[SOLVED] Trouble with faulty RAM, kernel "badram" parameter not effective on 64-bit flavour [Archive]

View Full Version : [SOLVED] Trouble with faulty RAM, kernel "badram" parameter not effective on 64-bit flavour

UCyborg

May 19th, 2015, 12:10 AM

Hi!

Some time ago, one of my memory modules has gone bad. I have 2x2 GB of RAM, the second stick seems to have a small defective region. Memtest86 reports faulty address as 00133a9feec, error bits is 00000800, switching reporting mode to the one that shows BadRAM patterns gives:

badram=0xb3a9feec,0xfffffffc

Using 32-bit version of Ubuntu, editing /boot/grub/grub.cfg to have GRUB_BADRAM="0xb3a9feec,0xfffffffc", sudo update-grub, reboot and my computer works without suddenly hanging, which is what happens after few minutes of usage otherwise. Not using GRUB_BADRAM and just appending badram=0xb3a9feec,0xfffffffc to kernel command-line also works.
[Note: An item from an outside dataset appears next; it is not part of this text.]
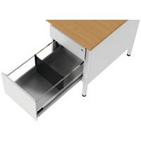 Bureau demi ministre avec caisson 2 tiroirs de la gamme confort 2. Piètements en tubes carrés de 35x35x2 mm avec renfort en métal dans les coins. Piètements sur vérins réglables en synthétique. Structure métallique solide en tôle de 1.5 mm. Les parties métalliques sont peintes en poudre époxy-polyester. Hauteur bureau fixe : standard à 75 cm (incl. top de 25 mm).

64-bit version of Ubuntu is entirely different story. First of, documentation says BadRAM pattern should be extended to 64-bits for x64 kernel, so in my case:

GRUB_BADRAM="0x0000b3a9feec,0xfffffffffffc"

However, changing it like this just makes the computer hang before it even reaches the Grub screen. So I tried just appending badram parameter to kernel command-line (extending it to 64-bits ofcourse), but it doesn't work as it should neither. Machine successfully boots, "free" command reports 4 KB of less memory, but apparently it doesn't blacklist the actual defective sectors of RAM, but some good ones I guess, judging from the fact that computer once again just hangs after few minutes.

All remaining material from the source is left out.